Notre confrère convient, du reste, lui-même, qu’il est bon d’essayer, avant de faire intervenir les abeilles, le bicarbonate et le salicylate de soude, l’antipyrine et les iodures, etc... Ce n’est qu’en désespoir de cause et dans les formes compliquées, anormales et interminables de la diathèse rhumatismale, alors que toutes les ressources de l’art médical ont été en vain appliquées, que l’on fera bien de songer au remède original du médecin de Marbourg. Il prétend que, pour appliquer soi-même, avec ses doigts, ledit remède vivant et piquant, il suffit d’un tour de main facile, pour tous, à attrapper. Mais nous croyons, quant à nous, qu’il serait peut-être plus scientifique d’isoler de l’insecte le venin en question, d’essayer de le conserver (il est essentiellement altérable), et de l’appliquer, comme antidote du rhumatisme, en injections sous-cutanées, rationnellement graduées.

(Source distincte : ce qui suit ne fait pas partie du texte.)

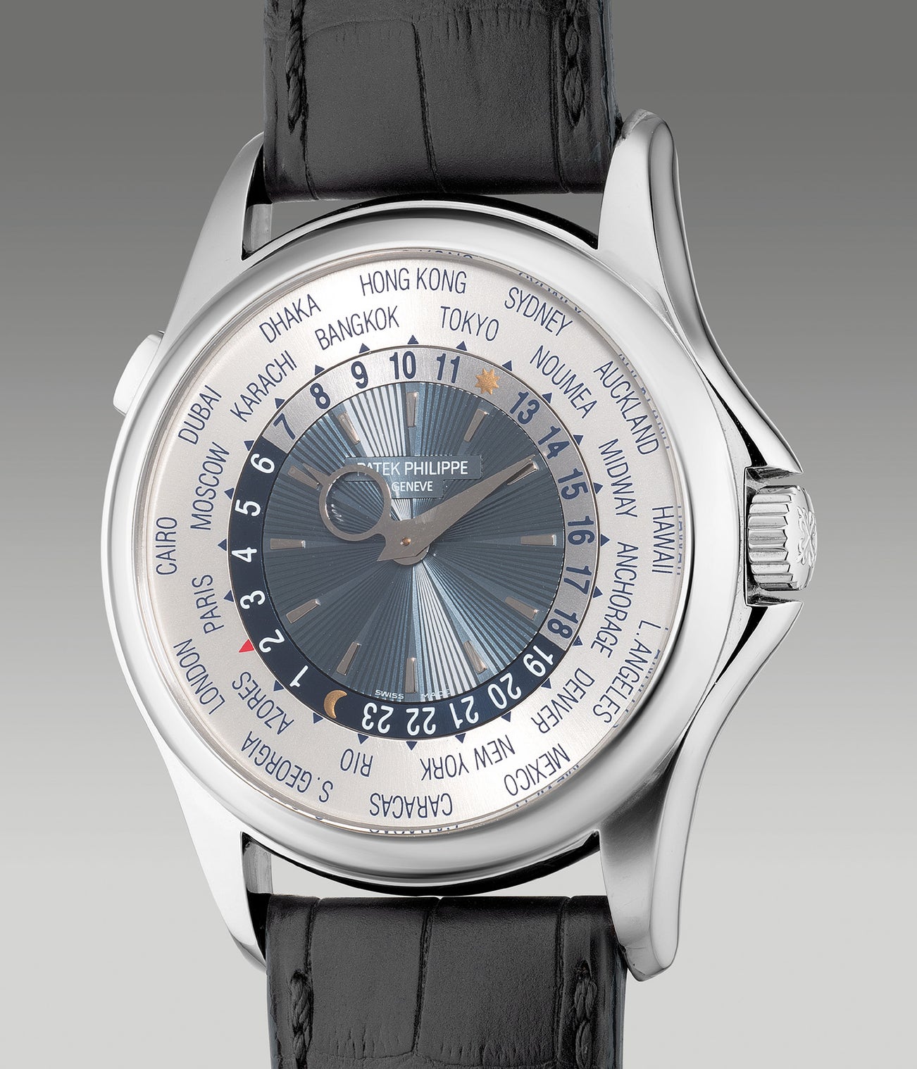Launched in 2006 replacing its predecessor ref. 5110, the ref. 5130 features a platinum case graced with the ingenious world time complication. Instantly adjustable by a simple press of the pusher at 10 o’clock, the timepiece is tailored for the modern day jetsetter. First released in yellow, pink and white gold, followed by platinum in 2007 like the present example. Fashioning in its modern aesthetics, it is notable that the firm kept the ring-shaped hour hand as a salute to the historic Patek Philippe world time watch design. The reference was discontinued in 2016 making way for the ref. 5230.

Quant aux accidents possibles, M. Terc n’en a point observé de sérieux, sur 39,000 observations de piqûres. Toutefois, il faut être prévenu que le venin des abeilles agit principalement sur le système nerveux grand sympathique, et provoque parfois, pour cette raison, des phénomènes généraux, heureusement plus effrayants que graves. Il sera prudent, enfin, de ne point recourir aux piqûres d’hyménoptères chez les rhumatisants affectés de lésions du cœur, viscère d’élection de la diathèse, lorsqu’elle est à l’état aigu principalement.